ECONOMICS
AMIA honors informatics professionals who are improving health, changing the world
Signature Award recipients are health care's innovators
AMIA, the association for informatics professionals, honors four leaders in biomedical and health informatics with Signature Awards to be presented during AMIA's Annual Symposium, Oct. 22-26, an event expected to draw 2,500 informatics professionals to the Washington Hilton over the coming week. The Signature Awards highlight extraordinary informatics professionals, whose contributions to the health sector have had significant, positive impact.
"Signature Awards are AMIA's highest honor," explains AMIA Chairwoman Nancy M. Lorenzi, of Vanderbilt University Medical Center. "The 2011 recipients are innovative individuals who focused on sociotechnical integration, clinical documentation, policy formulation, and decision support. We owe each one of them thanks for the benefits their contributions have made to biomedical informatics, as well as to the improvement of different components of our healthcare system."
The Signature Awards and recipients are:
New Investigator Award
Recognizes an individual for early informatics contributions and significant scholarly contributions of scientific merit and demonstrated research excellence.
Kai Zheng, PhD, assistant professor, University of Michigan Schools of Public Health and Information, draws upon techniques from the fields of information systems research and human-computer interaction to study the use of information, communication and decision technologies in patient-care delivery and management. Dr. Zheng's recent work has focused on topics related to interaction design, workflow and sociotechnical integration, and diffusion and evaluation of health information technologies.
Virginia K. Saba Informatics Award
Recognizes a distinguished career that has made significant impact on the care of patients and the discipline of nursing.
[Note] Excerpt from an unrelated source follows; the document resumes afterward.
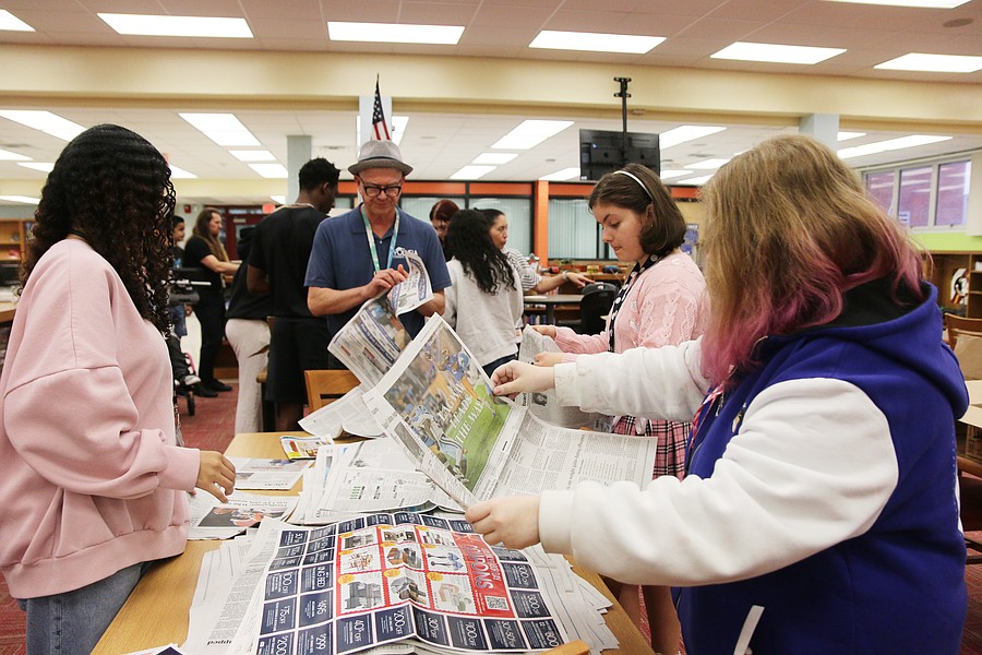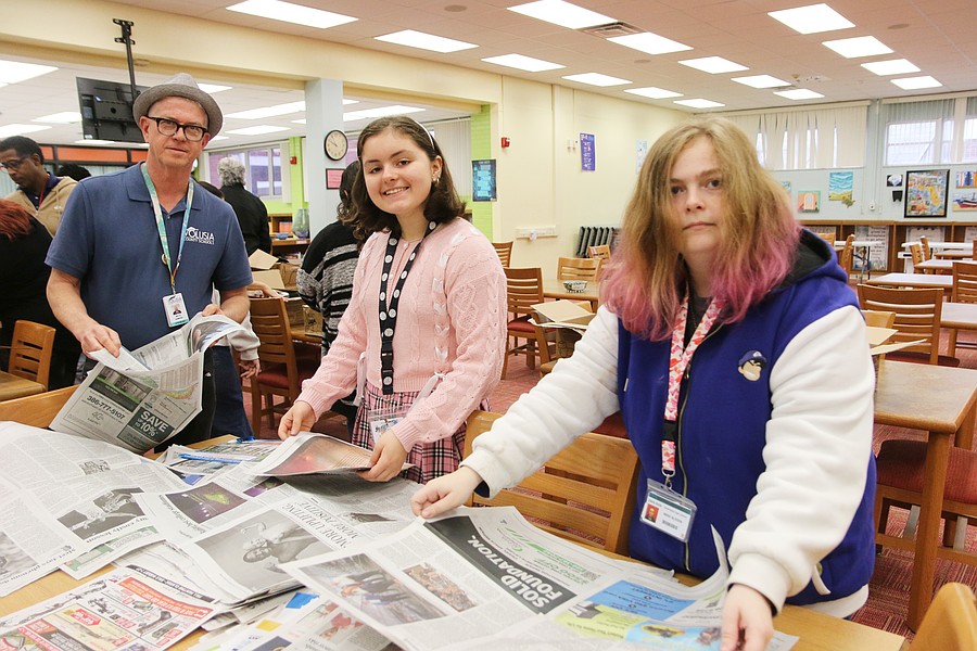 Seabreeze teacher Jett Wolfe helps a student pack up bowls at the media center on Thursday, Feb. 12. Photo by Jarleene Almenas

Recipient must demonstrate: use of informatics as transformative in patient care; visionary leadership; and enduring contribution to professional practice, education, administration, research, and/or health policy.
Rita D. Zielstorff, an internationally recognized expert in clinical informatics and a registered nurse, began her career working with medication order entry, clinical documentation and clinical terminologies. In 2000, she became a clinical designer and product manager in e-health systems; her products included a patient portal and a referral management system. More recently, she has audited the implementation of a clinical information system, evaluated a web-based portal for clinicians, and assisted an academic medical center to achieve promised benefits from their clinical information systems. Ms. Zielstorff has authored more than 70 publications in nursing and healthcare informatics, dating back to 1975.
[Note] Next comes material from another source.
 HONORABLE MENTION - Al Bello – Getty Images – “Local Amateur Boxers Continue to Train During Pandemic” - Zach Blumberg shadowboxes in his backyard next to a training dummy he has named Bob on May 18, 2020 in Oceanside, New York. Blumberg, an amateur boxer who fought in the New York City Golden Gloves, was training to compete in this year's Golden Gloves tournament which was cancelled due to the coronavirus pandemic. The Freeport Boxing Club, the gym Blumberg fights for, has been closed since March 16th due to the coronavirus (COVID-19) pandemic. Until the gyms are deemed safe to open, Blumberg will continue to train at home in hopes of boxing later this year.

Don Eugene Detmer Award for Health Policy Contributions in Informatics
Recognizes an individual who has made a significant contribution over the course of a career in health policy, conducted in accordance with the philosophy that all citizens and populations deserve a state-of-the-art health system that provides safe, effective, patient-centered, timely, efficient, and equitable health care services. The recipient exemplifies visionary leadership in the health policy realm, action-oriented advocacy work producing a regional, national or global result, advancement in thought leadership, that generates a sustainable contribution to the health system.
Julie McGowan, professor and chair emeritus of the Department of Knowledge Informatics and Translation at Indiana University School of Medicine, is also a research scientist at Regenstrief Institute. During a career that spanned nearly 40 years, Dr. McGowan's work has had national impact, not only affecting the four medical schools where she served as an administrator with excellence, but also through her research on the effect of health IT and HIE on health care, and through her work in policy formulation related to the medical informatics agenda. Throughout her career, Dr. McGowan's passion has been public policy and its effect on clinical informatics.
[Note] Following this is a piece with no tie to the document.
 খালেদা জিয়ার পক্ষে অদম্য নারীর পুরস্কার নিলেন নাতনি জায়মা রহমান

Donald A.B. Lindberg Award for Innovation in Informatics
Recognizes an individual for a specific technological, research, or educational contribution that advances biomedical informatics. The recipient's work will have been conducted in a nonprofit setting, and the adoption of the particular advance will be on a national or international level.
R. Scott Evans, senior medical informaticist consultant in the Department of Medical Informatics at Intermountain Healthcare and a professor in the Department of Biomedical Informatics at University of Utah, has applied his interests in computerized decision support, the selection and management of anti-infective agents, and computer methods to produce clinical tools that help reduce adverse drug events, help reduce adverse medical device events, and help reduce venous thrombolytic events. He has also used computerized methods to identify patients who need isolation, to reduce hospital-acquired infections, and to report notifiable diseases. A number of these computerized tools are clinically operational at all 22 hospitals at Intermountain Healthcare. Dr. Evans is a Fellow of the American College of Medical Informatics (ACMI).